Médiateur: le poste fantôme

ADMINISTRATION • Les citoyens en pétard avec les services de l’Etat ne peuvent toujours pas solliciter un bureau de médiation comme le prévoit la loi et la Constitution. Un dossier bloqué au parlement.

  • Fabienne Bugnon, la médiatrice principale de l’organe  de médiation de la police est chargée de la mise en place de la nouvelle structure. GIM

    Fabienne Bugnon, la médiatrice principale de l’organe de médiation de la police est chargée de la mise en place de la nouvelle structure. GIM

Délais d’attente interminables, procédures bâclées, relations tendues, bourses refusées, contentieux avec l’administration fiscale. Les conflits administratifs qui peuvent mettre en pétard les citoyens avec les services de l’Etat ne manquent pas. Ce qui fait défaut en revanche, c’est un bureau de médiation administrative pour les résoudre, comme la loi le prévoit. A ce propos, qui se souvient encore de la décision de créer un bureau de médiation administrative à Genève? Pas grand monde. Il y a cinq ans pourtant, l’avenir de cette structure semblait tout tracé. C’était l’ère de la belle entente. Rappelez-vous, la nouvelle Constitution plébiscitait sa création en 2012. Un projet de loi était adopté avec enthousiasme par le Conseil d’Etat en 2013 et sans opposition par le Grand Conseil en 2015. Difficile de faire mieux. Puis, patatra! La loi entrée en vigueur le 30 juin 2015 n’a jamais été mise en application. Comment expliquer un tel blocage?

«Outil neutre»

«Il est étonnant que les députés n’en fassent pas une priorité», regrette Fabienne Bugnon. Chargée de la mise en place de la structure, l’actuelle médiatrice principale de l’Organe de médiation de la police (OMP, lire ci-dessous) s’est beaucoup investie dans le projet à la demande du magistrat Pierre Maudet. «Il s’agit d’offrir aux administrés un outil neutre et confidentiel d’écoute, de dialogue, d’information et de conseil qui permet d’apporter rapidement une justice réparatrice», plaide-t-elle. Avant de préciser: «La médiation n’est pas un contrôle ni une sanction, c’est une procédure extrajudiciaire légère et gratuite pour faire gagner du temps aux citoyens et aux services de l’Etat. Le médiateur a également un rôle préventif car il calme des gens qui n’agresseront pas des fonctionnaires aux guichets. C’est du gagnant-gagnant», résume-t-elle.

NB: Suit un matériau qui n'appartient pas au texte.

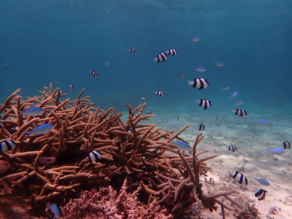 6/16の海 2024年6月17日 | コメントはまだありません 午前の海 午後の海 10:00 気温 30.7℃ 湿度 87% 水温 29.5℃15:00 気温 31.6℃ 湿度 81% 水温 30.0℃ アオサンゴとウスコモンサンゴ 昨日は風強く…晴れていたのに午前も午後もツアー中止今日も風強めでしたが問題なくツアー催行 エダサンゴ ニジハギ 水温高くラッシュガードで泳がれるお客様が増えてきました ツアーご参加ありがとうございました! ミスジリュウキュウスズメダイ 小潮の海エダサンゴやウサコモンサンゴが元気に育っているポイントへ久しぶりに行けました ツアーご参加ありがとうございました! サザナミヤッコ今日も出会えた青い縁取りがとても美しい ツアーご参加ありがとうございました! ウミウシの卵塊サンゴの下側に産みつけてありました 看板犬うめ 未分類

«Les choses coinçaient au niveau de la commission des finances», rappelle de son côté Pierre Maudet, conseiller d’Etat en charge de la Sécurité et de l’Economie. «A juste titre, ses membres trouvaient le dispositif proposé trop lourd et coûteux. On parlait d’un budget de fonctionnement d’environ un million par an. L’idée est d’avoir quelque chose de plus souple et agile, comme pour la police. Ceci explique sans doute les allers et retours en commission et le fait que le dossier se retrouve encore aujourd’hui pendant devant le Grand Conseil, malgré son utilité incontestable», explique Pierre Maudet. Avant de conclure: «Dans une société qui se judiciarise et où les gens n’ont plus forcément comme premier réflexe de se parler en cas de litige, cette structure peut servir à désamorcer les conflits en amont. Les citoyens sont aussi plus méfiants vis-à-vis de l’administration et les fonctionnaires peuvent se sentir incompris dans l’exercice de leur activité. Il faut que tous puissent être entendus par une instance neutre, sur le modèle de l’OMP. Les avantages sont importants. On peut rétablir l’écoute et la confiance mais aussi éviter les tensions aux guichets et contribuer à désengorger les tribunaux.»

Ombudsman ou médiateur?

Pour cela, il faudra définir la fonction du médiateur. «La Constitution n’est pas très claire. Nous devions choisir entre ombudsman ou médiateur, deux fonctions qui ne sont pas les mêmes, ce qui n’a pas facilité les débats. Puis il a fallu décider si le nouveau bureau serait intégré ou non dans une structure existante de l’Etat», explique le député Jean-Marc Guinchard. Qui poursuit: «Reste que la création d’un organe de médiation est utile et bénéfique, il n’y a qu’à voir les exemples réussis de Vaud et Zurich. Genève a pris du retard sur eux.» Pour le combler, les députés devront relancer le débat. Cela tombe bien, le dossier est à l’ordre du jour des prochaines sessions parlementaires. «S’ils n’arrivent pas à sortir de l’impasse, ils n’ont qu’à faire appel à un médiateur», ironise un haut fonctionnaire pour qui une telle structure aurait déjà dû être mise en place depuis de nombreuses années, dans l’intérêt de la population et de l’Administration. Affaire à suivre.